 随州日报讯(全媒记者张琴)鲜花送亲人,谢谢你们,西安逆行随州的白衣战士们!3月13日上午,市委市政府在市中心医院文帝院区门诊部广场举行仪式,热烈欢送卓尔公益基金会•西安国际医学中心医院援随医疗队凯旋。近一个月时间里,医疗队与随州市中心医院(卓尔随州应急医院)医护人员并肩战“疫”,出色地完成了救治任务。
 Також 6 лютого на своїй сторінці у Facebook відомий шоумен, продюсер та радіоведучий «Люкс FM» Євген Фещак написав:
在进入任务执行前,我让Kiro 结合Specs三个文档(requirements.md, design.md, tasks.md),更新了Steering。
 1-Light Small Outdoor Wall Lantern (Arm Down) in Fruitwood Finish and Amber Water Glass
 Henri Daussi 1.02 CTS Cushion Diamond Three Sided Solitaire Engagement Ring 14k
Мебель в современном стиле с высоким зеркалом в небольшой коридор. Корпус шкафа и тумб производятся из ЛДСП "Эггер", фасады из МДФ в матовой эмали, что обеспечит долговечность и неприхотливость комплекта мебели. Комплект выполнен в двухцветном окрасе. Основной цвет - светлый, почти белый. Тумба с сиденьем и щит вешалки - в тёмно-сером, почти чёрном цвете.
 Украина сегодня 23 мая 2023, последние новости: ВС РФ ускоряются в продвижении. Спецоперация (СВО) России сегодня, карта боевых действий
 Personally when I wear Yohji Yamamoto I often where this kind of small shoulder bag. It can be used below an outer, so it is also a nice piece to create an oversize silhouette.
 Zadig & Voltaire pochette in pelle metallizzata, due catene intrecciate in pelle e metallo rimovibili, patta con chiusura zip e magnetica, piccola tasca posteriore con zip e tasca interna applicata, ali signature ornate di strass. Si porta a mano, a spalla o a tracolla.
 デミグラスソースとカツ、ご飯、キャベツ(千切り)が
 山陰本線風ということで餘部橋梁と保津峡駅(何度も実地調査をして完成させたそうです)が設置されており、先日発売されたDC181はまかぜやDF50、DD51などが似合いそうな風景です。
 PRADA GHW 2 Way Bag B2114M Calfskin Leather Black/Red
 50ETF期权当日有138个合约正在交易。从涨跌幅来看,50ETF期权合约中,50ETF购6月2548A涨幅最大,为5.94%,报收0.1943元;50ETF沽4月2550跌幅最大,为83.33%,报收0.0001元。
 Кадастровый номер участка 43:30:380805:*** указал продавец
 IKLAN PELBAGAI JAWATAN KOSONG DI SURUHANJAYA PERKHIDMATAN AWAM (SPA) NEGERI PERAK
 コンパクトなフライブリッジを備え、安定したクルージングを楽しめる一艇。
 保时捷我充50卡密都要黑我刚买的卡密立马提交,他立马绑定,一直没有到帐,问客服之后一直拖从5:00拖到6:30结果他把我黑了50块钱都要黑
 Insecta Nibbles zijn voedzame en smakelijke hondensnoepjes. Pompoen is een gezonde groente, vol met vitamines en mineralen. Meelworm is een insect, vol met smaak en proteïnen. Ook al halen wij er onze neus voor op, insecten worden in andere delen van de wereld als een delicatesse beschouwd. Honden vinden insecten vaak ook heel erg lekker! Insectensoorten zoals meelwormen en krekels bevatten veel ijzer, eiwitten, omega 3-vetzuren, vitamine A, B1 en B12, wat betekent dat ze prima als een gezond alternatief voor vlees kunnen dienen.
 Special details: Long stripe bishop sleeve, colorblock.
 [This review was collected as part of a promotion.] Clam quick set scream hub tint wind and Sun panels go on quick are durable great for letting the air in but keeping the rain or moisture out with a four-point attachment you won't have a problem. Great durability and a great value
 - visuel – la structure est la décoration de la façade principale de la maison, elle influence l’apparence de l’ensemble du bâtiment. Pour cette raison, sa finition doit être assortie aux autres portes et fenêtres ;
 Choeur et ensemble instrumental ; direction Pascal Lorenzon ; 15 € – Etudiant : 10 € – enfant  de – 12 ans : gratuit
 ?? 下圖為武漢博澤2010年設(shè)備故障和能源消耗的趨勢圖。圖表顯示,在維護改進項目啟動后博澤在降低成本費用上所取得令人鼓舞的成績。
+--
# Exercise aim
Print exactly the line containing "Choeur et ensemble" and every line after it through the end of the records above, and nothing else.

# Response to this exercise
 Choeur et ensemble instrumental ; direction Pascal Lorenzon ; 15 € – Etudiant : 10 € – enfant  de – 12 ans : gratuit
 ?? 下圖為武漢博澤2010年設(shè)備故障和能源消耗的趨勢圖。圖表顯示,在維護改進項目啟動后博澤在降低成本費用上所取得令人鼓舞的成績。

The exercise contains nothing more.